▶ Exercise description:
Beginning with the opening line, set down each line of the material below exactly, stopping once the line with "Ministry Designs has" is done.

▶ Source data:
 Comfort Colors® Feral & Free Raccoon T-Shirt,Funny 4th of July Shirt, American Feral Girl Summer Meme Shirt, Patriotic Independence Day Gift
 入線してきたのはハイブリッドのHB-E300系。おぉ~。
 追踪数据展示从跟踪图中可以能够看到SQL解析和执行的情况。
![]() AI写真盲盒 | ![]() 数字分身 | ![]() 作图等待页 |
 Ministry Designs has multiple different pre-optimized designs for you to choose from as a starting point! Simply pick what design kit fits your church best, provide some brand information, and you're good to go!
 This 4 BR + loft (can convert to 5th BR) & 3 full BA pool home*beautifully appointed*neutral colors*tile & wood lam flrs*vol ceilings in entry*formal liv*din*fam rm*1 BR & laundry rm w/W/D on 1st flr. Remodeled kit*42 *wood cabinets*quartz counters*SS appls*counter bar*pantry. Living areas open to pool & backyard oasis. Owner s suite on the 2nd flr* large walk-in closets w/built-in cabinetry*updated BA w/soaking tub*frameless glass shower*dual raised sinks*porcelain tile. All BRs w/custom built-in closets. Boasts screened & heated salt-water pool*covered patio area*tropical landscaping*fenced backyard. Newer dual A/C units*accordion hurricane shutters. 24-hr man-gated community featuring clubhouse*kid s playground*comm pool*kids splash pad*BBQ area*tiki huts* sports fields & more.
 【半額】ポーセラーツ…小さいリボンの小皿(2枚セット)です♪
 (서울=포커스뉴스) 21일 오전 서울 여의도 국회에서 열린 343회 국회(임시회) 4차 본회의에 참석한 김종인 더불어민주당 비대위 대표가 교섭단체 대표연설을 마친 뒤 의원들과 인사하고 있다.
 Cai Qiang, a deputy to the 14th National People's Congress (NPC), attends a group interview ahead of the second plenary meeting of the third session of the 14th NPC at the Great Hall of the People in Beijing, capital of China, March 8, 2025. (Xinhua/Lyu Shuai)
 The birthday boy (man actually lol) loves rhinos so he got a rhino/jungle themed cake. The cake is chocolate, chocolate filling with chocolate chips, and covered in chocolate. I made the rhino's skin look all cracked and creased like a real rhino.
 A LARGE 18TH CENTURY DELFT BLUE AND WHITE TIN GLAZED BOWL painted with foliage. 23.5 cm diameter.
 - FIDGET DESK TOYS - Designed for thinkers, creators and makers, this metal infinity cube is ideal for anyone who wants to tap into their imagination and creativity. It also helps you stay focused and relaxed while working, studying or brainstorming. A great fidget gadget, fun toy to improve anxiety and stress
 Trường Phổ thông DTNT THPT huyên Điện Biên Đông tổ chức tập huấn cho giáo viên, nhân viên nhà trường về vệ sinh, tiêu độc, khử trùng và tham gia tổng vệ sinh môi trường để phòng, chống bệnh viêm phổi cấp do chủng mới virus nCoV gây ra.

▶ Solution:
 Comfort Colors® Feral & Free Raccoon T-Shirt,Funny 4th of July Shirt, American Feral Girl Summer Meme Shirt, Patriotic Independence Day Gift
 入線してきたのはハイブリッドのHB-E300系。おぉ~。
 追踪数据展示从跟踪图中可以能够看到SQL解析和执行的情况。
![]() AI写真盲盒 | ![]() 数字分身 | ![]() 作图等待页 |
 Ministry Designs has multiple different pre-optimized designs for you to choose from as a starting point! Simply pick what design kit fits your church best, provide some brand information, and you're good to go!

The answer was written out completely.